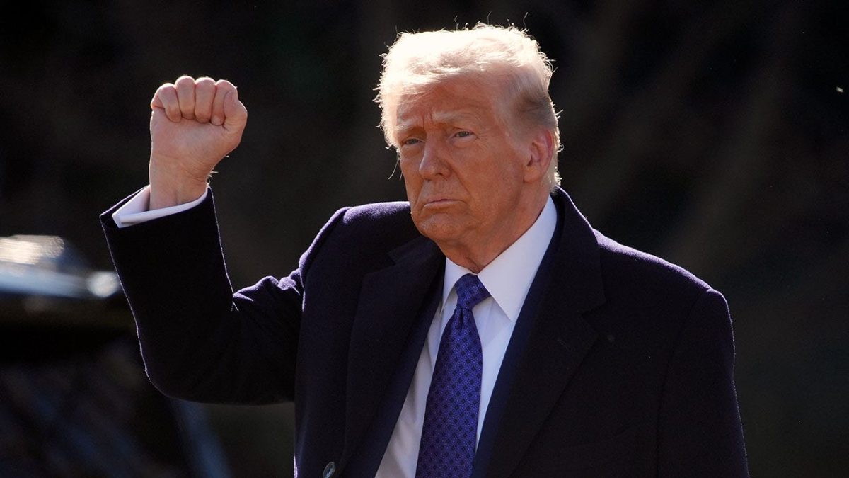 President Donald Trump was on his way to the NASCAR Daytona 500, a one-sized air force at Palm Beach International Airport, on Sunday, February 16, 2025. (Pool photo via AP)
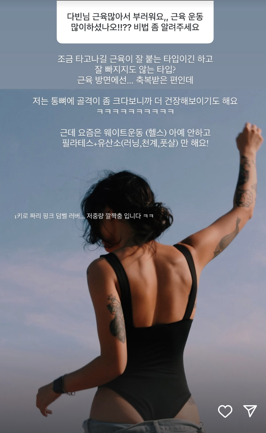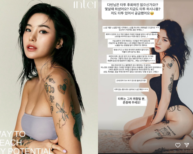또한 "없는 것보다야 다소 불편함은 감수해야 하는 것 같아요"라며 "근데 만약 다시 하기 전으로 돌아간다면 타투 없는 몸으로도 살아보고 싶긴 해요"라고 덧붙였다.
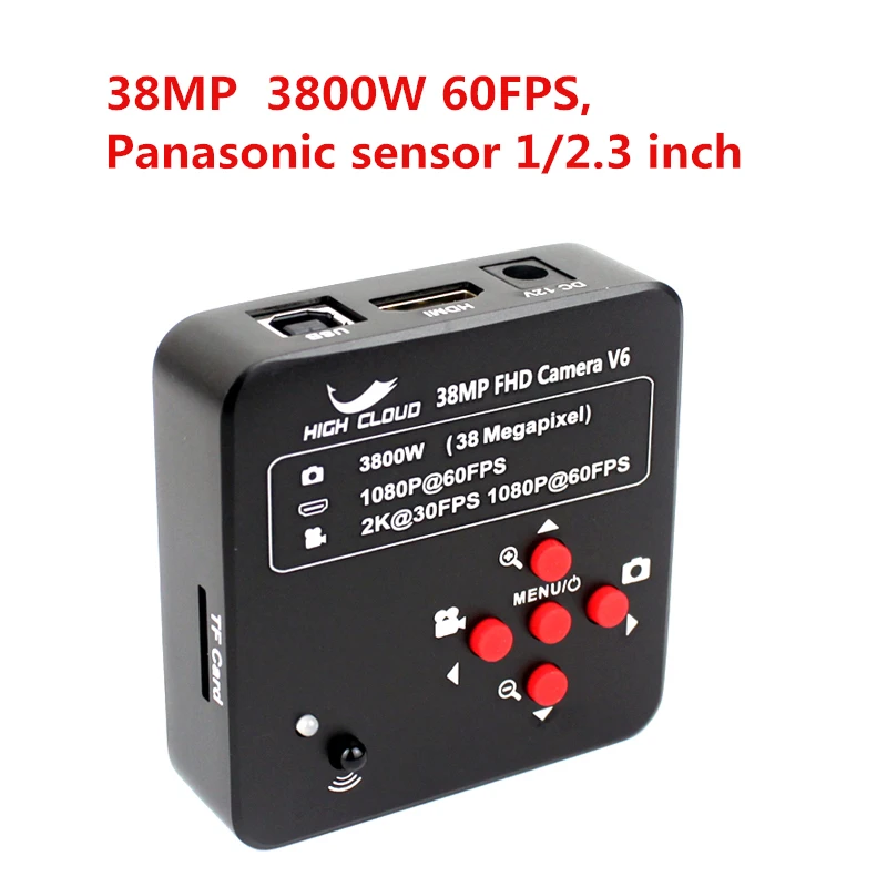 38MP HDMI USB камера характеристики:Датчик изображения: оригинальный 38 миллионов пикселей CMOS датчик PanasonicЧувствительный Размер: 1/2.3 дюйма. Больше поля зрения, чем обычно 1/3Размер пикселя: 1.335μm × 1.335μmВыходной интерфейс: HDMI (тип A), USB (тип B), tf-картаФото Выход: 38 миллионов пикселей (7120*5344)Видеовыход: 2K @ 30 кадров, 1080p @ 60 кадровВыход HDMI: прогрессивный 1920*1080 60 кадров. Одновременный выход с USBКоэффициент выхода HDMI: Поддержка 4:3, 16:9, 16:10 экрана, чтобы убедиться, что изображение не искажено.Выход USB2.0 (свободный привод): 1920*1080 @ 30 1280*720 @ 30 640*480 @ 30. Одновременный выход с HDMIОбъем памяти tf-карты: максимум 64 ГББаланс белого: один щелчок баланса белого/автоматический/ручной, R, G, B можно индивидуально отрегулироватьЭкспозиция: ручная/автоматическая. Регулируемое значение экспозицииПерекрестие: 8 линий. Регулируемый цвет, толщина и положениеПерекрестная отметка: 2 линии. Точечный крест: 2 линии. Регулируемый цвет, толщина и положениеРезкость, контрастность, насыщенность, поддержка, регулируемая, черно-белая, отрицательная пленка, поддержкаЗеркало: горизонтальное и вертикальное зеркалоЯзык: китайский/английскийЦифровой зум: ПоддержкаПульт дистанционного управления: поддерживается. Пульт дистанционного управления делает фотографии и видео без тряски.Входное напряжение: 12 В постоянного тока (поддержка 5-19 в), 55-21 большой ротИнтерфейс объектива: C/CS портРазмер изделия: 74*74*35 ммПосылка включает в себя: камеру, адаптер питания, пульт дистанционного управления, бумажное руководство, кабель HDMI120X линзы с резьбовым соединением типа C: (21,5-дюймовым монитором)Зум C-Mount LensАдаптер с-креплением 0,35 xОбъективное увеличение мощности 0.7X-4.5XРабочее расстояние: 100 ммМаксимальное поле зрения: 27 мм * 15 ммМинимальный Поле зрения: 4 мм * 2,3 мм180X линзы с резьбовым соединением типа C: (21,5-дюймовым монитором)Зум C-Mount LensАдаптер с-креплением 0,5xОбъективное увеличение мощности 0.7X-4.5XРабочее расстояние: 100 ммМаксимальное поле зрения: 18,5 мм * 10,5 ммМинимальное поле обзора: 2,8 мм * 1,6 мм300X линзы с резьбовым соединением типа C: (21,5-дюймовым монитором)Зум C-Mount Lens1X C-mount адаптерОбъективное увеличение мощности 0.7X-4.5XРабочее расстояние: 100 ммМаксимальное поле зрения: 9,5 мм * 5,5 ммМинимальный Поле зрения: 1,5 мм * 1 мм56 светодиодный светильник источник:56 Белый светодиодный лампы100000 часов жизниСильный и концентрированный бестеневой светильникЯркость 0-100% регулируемая, высокая яркостьУправление переменной интенсивностьюВходная мощность: 100-240 В переменного тока, 50-60 ГцПодходящий диаметр объектива: 30 мм-61 мм
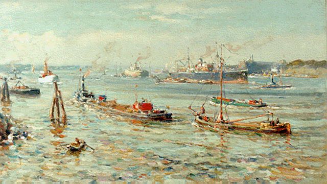 Evert Moll | Gezicht op de Rotterdamse Maas vanaf de zuidoever, olieverf op doek, 60,4 x 100,2 cm, gesigneerd r.o.
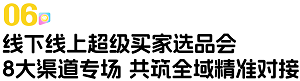 8大渠道专场选品会,呈现更为细分专业的对接服务,助力渠道与展商1v1精准对接,高效触达,把握展期黄金商机。

++++++++

Once the pictures are set aside, repeat the data above exactly as written.

▸ **Solution**
 President Donald Trump was on his way to the NASCAR Daytona 500, a one-sized air force at Palm Beach International Airport, on Sunday, February 16, 2025. (Pool photo via AP)
또한 "없는 것보다야 다소 불편함은 감수해야 하는 것 같아요"라며 "근데 만약 다시 하기 전으로 돌아간다면 타투 없는 몸으로도 살아보고 싶긴 해요"라고 덧붙였다.
 38MP HDMI USB камера характеристики:Датчик изображения: оригинальный 38 миллионов пикселей CMOS датчик PanasonicЧувствительный Размер: 1/2.3 дюйма. Больше поля зрения, чем обычно 1/3Размер пикселя: 1.335μm × 1.335μmВыходной интерфейс: HDMI (тип A), USB (тип B), tf-картаФото Выход: 38 миллионов пикселей (7120*5344)Видеовыход: 2K @ 30 кадров, 1080p @ 60 кадровВыход HDMI: прогрессивный 1920*1080 60 кадров. Одновременный выход с USBКоэффициент выхода HDMI: Поддержка 4:3, 16:9, 16:10 экрана, чтобы убедиться, что изображение не искажено.Выход USB2.0 (свободный привод): 1920*1080 @ 30 1280*720 @ 30 640*480 @ 30. Одновременный выход с HDMIОбъем памяти tf-карты: максимум 64 ГББаланс белого: один щелчок баланса белого/автоматический/ручной, R, G, B можно индивидуально отрегулироватьЭкспозиция: ручная/автоматическая. Регулируемое значение экспозицииПерекрестие: 8 линий. Регулируемый цвет, толщина и положениеПерекрестная отметка: 2 линии. Точечный крест: 2 линии. Регулируемый цвет, толщина и положениеРезкость, контрастность, насыщенность, поддержка, регулируемая, черно-белая, отрицательная пленка, поддержкаЗеркало: горизонтальное и вертикальное зеркалоЯзык: китайский/английскийЦифровой зум: ПоддержкаПульт дистанционного управления: поддерживается. Пульт дистанционного управления делает фотографии и видео без тряски.Входное напряжение: 12 В постоянного тока (поддержка 5-19 в), 55-21 большой ротИнтерфейс объектива: C/CS портРазмер изделия: 74*74*35 ммПосылка включает в себя: камеру, адаптер питания, пульт дистанционного управления, бумажное руководство, кабель HDMI120X линзы с резьбовым соединением типа C: (21,5-дюймовым монитором)Зум C-Mount LensАдаптер с-креплением 0,35 xОбъективное увеличение мощности 0.7X-4.5XРабочее расстояние: 100 ммМаксимальное поле зрения: 27 мм * 15 ммМинимальный Поле зрения: 4 мм * 2,3 мм180X линзы с резьбовым соединением типа C: (21,5-дюймовым монитором)Зум C-Mount LensАдаптер с-креплением 0,5xОбъективное увеличение мощности 0.7X-4.5XРабочее расстояние: 100 ммМаксимальное поле зрения: 18,5 мм * 10,5 ммМинимальное поле обзора: 2,8 мм * 1,6 мм300X линзы с резьбовым соединением типа C: (21,5-дюймовым монитором)Зум C-Mount Lens1X C-mount адаптерОбъективное увеличение мощности 0.7X-4.5XРабочее расстояние: 100 ммМаксимальное поле зрения: 9,5 мм * 5,5 ммМинимальный Поле зрения: 1,5 мм * 1 мм56 светодиодный светильник источник:56 Белый светодиодный лампы100000 часов жизниСильный и концентрированный бестеневой светильникЯркость 0-100% регулируемая, высокая яркостьУправление переменной интенсивностьюВходная мощность: 100-240 В переменного тока, 50-60 ГцПодходящий диаметр объектива: 30 мм-61 мм
 Evert Moll | Gezicht op de Rotterdamse Maas vanaf de zuidoever, olieverf op doek, 60,4 x 100,2 cm, gesigneerd r.o.
 8大渠道专场选品会,呈现更为细分专业的对接服务,助力渠道与展商1v1精准对接,高效触达,把握展期黄金商机。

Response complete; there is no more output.